Change reports: explain why Snakemake wants to rerun¶

snakemake --list-changes input code params helps when reviewers need to know which change class triggered work.

That matters because the next review question changes with the answer:

input change points toward upstream data movement or discovery
code change points toward scripts, wrappers, or rule logic
parameter change points toward config or policy review

Without that distinction, teams often talk about churn without naming its source.

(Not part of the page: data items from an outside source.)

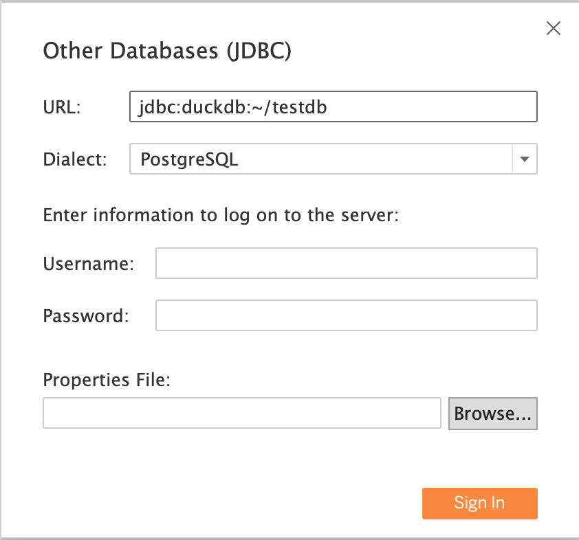 Tableau desktop can be downloaded as a free trial, which is what I did. And DuckDB has good documentation that can be found here that shows how to connect to Tableau. So for my first attempt, I clicked on the “Other (JDBC)” connector for tableau, set the dialect to Postgres on the drop down and then connected to a duckdb database like this: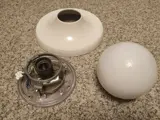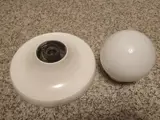 De structuur van de lamp is van wit geëmailleerd metaal en de bol is van opaalglas.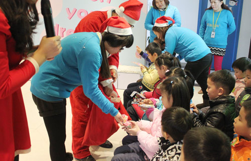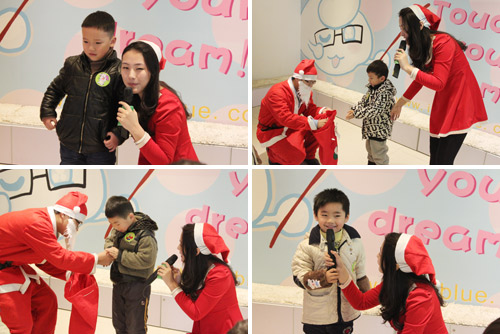 主持人薛梅潔老師采訪了每一位小朋友的圣誕愿望,“我要成為軍人!”,“我要送給爸爸一輛敞篷車!”,“我想要當科學家!”……有志不在年高,小小孩童就有如此志向,應是老師的欣慰和國家的希望。隨后寶貝們與各自的家長玩起了親子互動游戲《接力圣誕球》,由家長與孩子共同接力進行,每組勝出的小朋友還能獲得圣誕老人的精品禮物呢!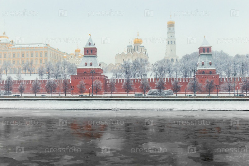 Московский городской пейзаж зимой, замерзшая река и вид на Кремль в метель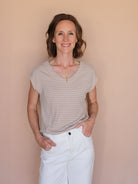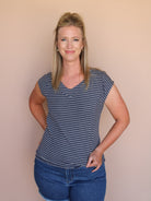 Introducing the LAYLA VNECK HACCI CAP SLEEVE TOP - your new go-to for effortless style! Featuring a flattering v-neckline and extended cap sleeves, this hacci striped top is the perfect blend of comfort and fashion. Elevate your wardrobe with this versatile piece.

Provenance: tie the run to its identity¶

Workflow evidence is incomplete if you cannot answer:

which config values were material
which profile or operating context shaped the run
which environment or tool identity produced the published result

That is the job of provenance.

Provenance is not a replacement for logs or benchmarks. It is the identity surface that lets you compare runs honestly when the repository alone does not explain the difference.

A small example¶

Suppose a reviewer says:

The report looks different and the workflow took longer.

A good evidence route might be:

snakemake --summary to confirm what rebuilt
snakemake --list-changes input code params to classify the rerun cause
one matching benchmark file for the slowest rule family
one matching rule log for the suspicious target
publish/v1/provenance.json if the change still cannot be explained

That route is short, and every step has a reason.

What good observability looks like¶

Good observability is:

rule-local when debugging one failure
workflow-level when explaining changed state
stable enough that teams can compare runs over time
cheap enough that nobody removes it as soon as pressure rises

Bad observability usually looks like one of these:

giant shared logs with no rule ownership
benchmark files nobody reads or reviews
summaries collected but never compared to a claim
provenance missing when context differences are the real suspect

Keep this standard¶

Before adding a new evidence surface, finish this sentence:

We need this artifact because it answers this review question better than the artifacts we already have.

If you cannot finish that sentence, the workflow probably needs a clearer reading route more than it needs another file.